Verification of differentially expressed genes detected in the microarray experiments was performed by a qRT-PCR calibrator-normalized relative quantification with efficiency correction (ET CpT (C)–CpT (S) × ER CpR (S)−CpR (C)) in the LightCycler® 480II system (Roche Diagnostics GmbH), version 1.5. Relative quantification was performed as described in the LightCycler® 480 Instrument Real-time PCR Protocol for 96-well plates (Operators Manual) by using probes of the Universal ProbeLibrary and specific primer pairs, designed via the Universal ProbeLibrary Tool by uploading the complete target gene sequence (Roche Diagnostics). Standard curves for target and reference genes were created using dilution series with five 10-fold dilutions of a cDNA mix, prepared by cDNA synthesis with a mix of all RNA isolations as a template. A two-fold dilution of this cDNA mix was used as a calibrator. qPCRs for all samples were run with primers for target genes and with primers for the 16S rRNA gene sequence as a reference (Table S3). All values were normalized relative to the calibrator expression performed with the same primers. Water and negative controls originated from the cDNA synthesis protocol were used as negative controls. All results were gained by using three or four biological replicates and shown as calibrator-normalized ratio of target/reference concentrations with efficiency control.

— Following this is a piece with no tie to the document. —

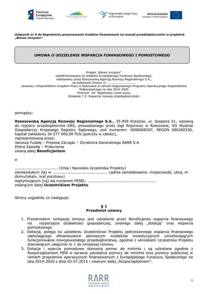 Załącznik nr 6 do Regulaminu przyznawania środków finansowych na rozwój przedsiębiorczości w projekcie „Biznes Inicjator” UMOWA O UDZIELENIE WSPARCIA FINANSOWEGO I POMOSTOWEGO Projekt „Biznes Inicjator” współfinansowany ze środków Europejskiego Funduszu Społecznego, realizowany przez Rzeszowską Agencję Rozwoju Regionalnego S.A., Oś priorytetowa VII. Regionalny rynek pracy na podstawie Umowy nr ............................ Działanie 7.3 Wsparcie przedsiębiorczości zawartej z Wojewódzkim Urzędem Pracy w Rzeszowie wrozwoju ramach Regionalnego Programu Operacyjnego Województwa Podkarpackiego na lata 2014-2020 Priorytet VII Regionalny rynek pracy Działanie 7.3 Wsparcie rozwoju przedsiębiorczości pomiędzy: Rzeszowską Agencją Rozwoju Regionalnego S.A., 35-959 Rzeszów, ul. Szopena 51, wpisaną do rejestru przedsiębiorców KRS, prowadzonego przez Sąd Rejonowy w Rzeszowie, XII Wydział Gospodarczy Krajowego Rejestru Sądowego, pod numerem: 0000008207, REGON 690260330, kapitał zakładowy 34 277 000,00 PLN (pokryty w całości), reprezentowaną przez: Janusza Fudałę – Prezesa Zarządu – Dyrektora Generalnego RARR S.A Piotra Zawadę – Prokurenta zwaną dalej Beneficjentem a .................................. (Imię i Nazwisko Uczestnika Projektu) zamieszkałym (łą) w ............................................ (adres zameldowania: miejscowość, ulica, nr domu/lokalu, kod pocztowy) legitymującym (cą) się numerem PESEL: ...................................................... zwaną/ym dalej Uczestnikiem Projektu Strony uzgodniły co następuje: §1 Przedmiot umowy 1. Przedmiotem niniejszej Umowy jest udzielenie przez Beneficjenta wsparcia finansowego na rozpoczęcie działalności gospodarczej, zwanego dalej „dotacją” oraz wsparcia pomostowego. 2. Dotacja, polega na udzieleniu Uczestnikowi Projektu jednorazowego wsparcia finansowego ułatwiającego sfinansowanie pierwszych wydatków inwestycyjnych umożliwiających funkcjonowanie nowopowstałego przedsiębiorstwa, zgodnie z wnioskiem Uczestnika Projektu stanowiącym załącznik nr 1 do niniejszej Umowy. 3. Dotacja i wparcie pomostowe stanowią pomoc de minimis i są udzielane zgodnie z Rozporządzeniem MIiR w sprawie udzielania pomocy de minimis oraz pomocy publicznej w ramach programów operacyjnych finansowanych z Europejskiego Funduszu Społecznego na lata 2014-2020 z dnia 02.07.2015 r zwanym dalej „Rozporządzeniem”. 1 4. Uczestnik projektu otrzymuje dotację na zasadach i warunkach określonych w niniejszej Umowie oraz załącznikach, które stanowią integralną część Umowy. 5. Uczestnik Projektu przyjmuje dotację i zobowiązuje się do jej wykorzystania zgodnie z harmonogramem rzeczowo-finansowym inwestycji będącym częścią biznesplanu. 6. Wsparcie pomostowe – wsparcie udzielane jest w dwóch formach: wsparcie pomostowe finansowe - bezzwrotna pomoc finansowa dla Uczestnika Projektu w formie comiesięcznej dotacji wypłacane przez okres nie dłuższy niż 12 miesięcy, licząc od daty podpisania umowy na otrzymanie wsparcia finansowego i pomostowego. wsparcie pomostowe w postaci usług doradczo-szkoleniowych o charakterze specjalistycznym. 7. Uczestnik Projektu otrzymuje wsparcie pomostowe i zobowiązuje się do jego wykorzystania na zasadach i warunkach określonych w niniejszej Umowie i regulaminie przyznawania środków finansowych na rozwój przedsiębiorczości w projekcie „BIZNES INICJATOR” oraz Regulaminie rekrutacji i uczestnictwa w projekcie „BIZNES INICJATOR”. 8. Uczestnik projektu ponosi wyłączną odpowiedzialność za szkody wyrządzone wobec osób trzecich w związku z realizowaną inwestycją. 9. Niniejsza Umowa obowiązuje od dnia podpisania do .......................... §2 Finansowanie dotacji i płatności 1. 2. 3. 4. 5. 6. 7. 8. 9. Całkowite wydatki inwestycyjne brutto wynoszą ................. PLN (słownie:…………………….PLN). Kwota dofinansowania wynosi …………… PLN (słownie: ………………………………….……………PLN). Koszty niekwalifikowalne wynoszą brutto ………………… PLN (słownie: ……………………………….PLN). Beneficjent wypłaci Uczestnikowi projektu kwotę dotacji, w następujący sposób: 1) zaliczka w wysokości 90% kwoty dotacji, tj. ………… PLN (słownie..............……………… PLN), zostanie przekazana w terminie do 14 dni od dnia złożenia zabezpieczenia, o którym mowa w § 4, ust. 2, pod warunkiem dostępności środków na rachunku bankowym Beneficjenta. 2) płatność końcowa w formie refundacji poniesionych przez Uczestnika projektu całkowitych wydatków na realizację inwestycji, w wysokości nie większej niż 10% kwoty dotacji, tj. ……………… PLN (słownie: .................................................... PLN), dokonana będzie w terminie 14 dni od dnia zatwierdzenia przez Beneficjenta całościowego rozliczenia wydatków inwestycyjnych objętych dotacją, pod warunkiem dostępności środków na rachunku bankowym Beneficjenta. Beneficjent w dniu podpisania niniejszej Umowy zobowiązany jest wydać Uczestnikowi projektu zaświadczenie o udzielonej pomocy de minimis, zgodnie ze wzorem określonym w załączniku do rozporządzenia Rady Ministrów z dnia 20 marca 2007 r. w sprawie zaświadczeń o pomocy de minimis i pomocy de minimis w rolnictwie lub rybołówstwie (Dz. U. Nr 53 poz. 354 z późn. zm.) Uczestnik projektu zobowiązany jest przechowywać dokumentację związaną z otrzymaną dotacją przez okres 10 lat, licząc od dnia podpisania niniejszej Umowy. Płatności będą dokonywane przez Beneficjenta na rachunek Uczestnika projektu wskazany w Zaświadczeniu o otwarciu wyodrębnionego rachunku bankowego stanowiącym załącznik nr 6 do Umowy. Wszystkie płatności dokonywane przez Uczestnika projektu tytułem zakupów dokonanych w ramach niniejszej umowy będą realizowane bezgotówkowo za pośrednictwem rachunku bankowego Benefic

Air-Liquid Interface Glass Coverslip Assay

Three biological replicates of each strain were inoculated in 20 ml MB medium with an OD600 of 0.05 in 50 ml falcon tubes containing glass slides, shaken gently at 10 rpm in a 45° angle. An OD600 of 0.05 corresponds for all strains to a cell number of ~1 × 108 cells/ml (cell enumeration was performed by flow cytometry as described above). After two days, glass slides were washed four times with sterile water, biofilms were stained with crystal violet and dissolved in 23 ml modified biofilm dissolving solution (sodium dodecyl sulphate solution dissolved to a final concentration of 10% with 80% ethanol in H2O), and optical density was measured at a wavelength of 590 nm and subtracted by values of controls without bacteria46, 47.

Motility test

Swimming motility was tested on soft-agar plates (3 g l−1 agar) with 10% MB medium at 28 °C, based on the method of Miller and Belas32. Chemicals were dissolved in sterile-filtered natural seawater, sampled in the southern North Sea, Germany (taken at position 54°0′0,0″N 8°9′21,6″E, 4.5 m depth, on 30th September 2011). Motility measurements were done on agar plates, inoculated with cells of the outer ring of previous soft-agar plates with the same medium and culture conditions. Swimming was measured for six days.

Swimming speed was also measured in microfluidic channels using phase-contrast microscopy (Nikon Ti-E microscope; 20×, 0.45 NA objective)48. For microfluidic experiments, strains were grown in 15 ml tubes at 30 °C with 3 ml MB medium. Strains were collected at late exponential phase and diluted 5~10 fold in fresh MB media (or fresh MB media with TDA) before single-cell level bacterial tracking. Bacteria were imaged at mid depth in a 120 µm deep polydimethylsiloxane (PDMS) chamber at 17~30 frames/s using Cooke PCO 1600 CCD camera (7.4 µm/pixel). All image analyses and cell trackings were performed in Matlab (The Mathworks) using in-house, automated software to reconstruct cell trajectories and calculate mean speeds48.